:: Brief ::
Copy the data that appears below exactly. Drop the pictures.

:: Supplied material ::
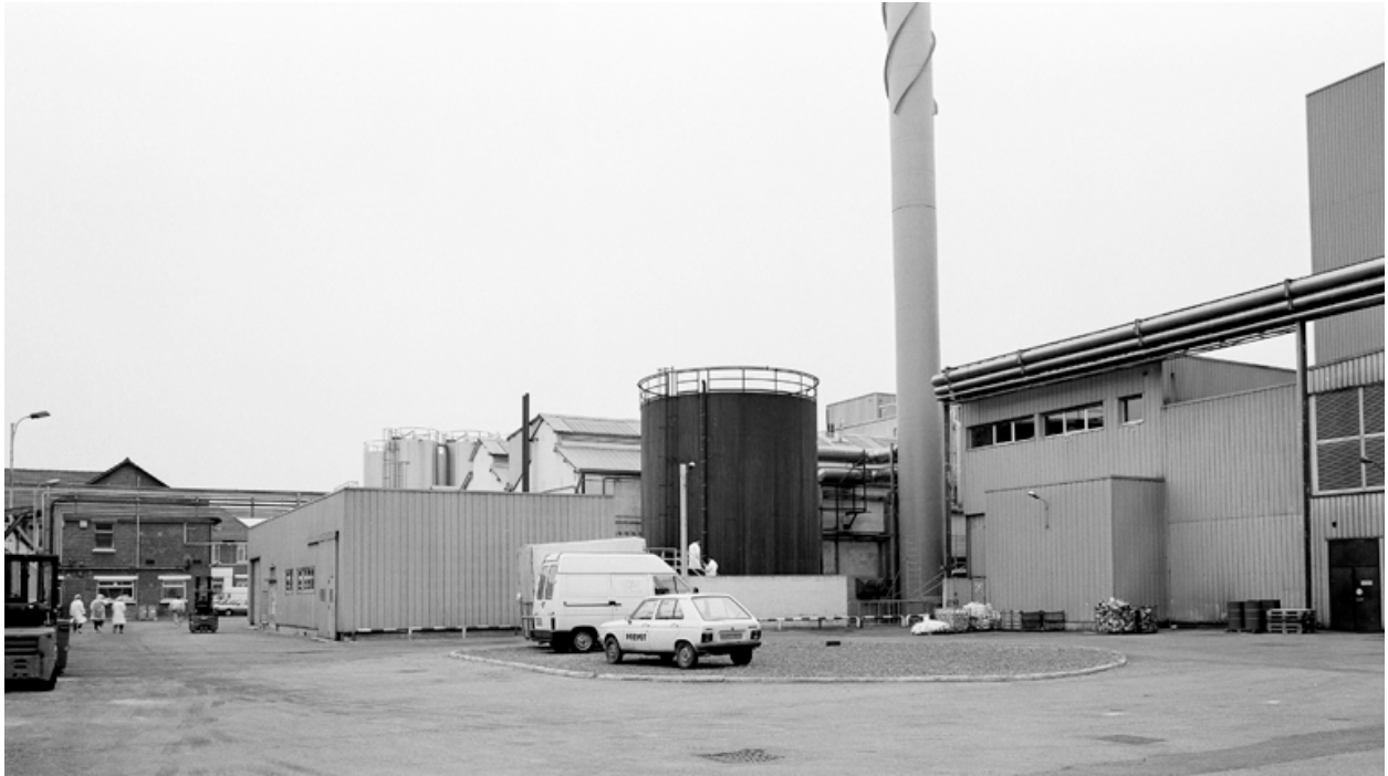
Partie sud-ouest de la cour de l'usine, occupée par la chaufferie, le réservoir de fuel et des stocks.
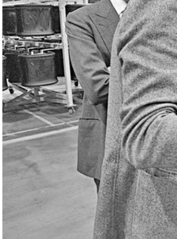
В ближайшей перспективе, благодаря вложениям Pirelli , объёмы производства на воронежской площадке должны возрасти в два раза.

При этом он добавил, что на современном этапе развития региональная власть намерена уделять ещё большее внимание созданию «безбарьерной комфортной среды для вложения капитала, в том числе иностранного».

:: Result for this exercise ::
Partie sud-ouest de la cour de l'usine, occupée par la chaufferie, le réservoir de fuel et des stocks.
В ближайшей перспективе, благодаря вложениям Pirelli , объёмы производства на воронежской площадке должны возрасти в два раза.

При этом он добавил, что на современном этапе развития региональная власть намерена уделять ещё большее внимание созданию «безбарьерной комфортной среды для вложения капитала, в том числе иностранного».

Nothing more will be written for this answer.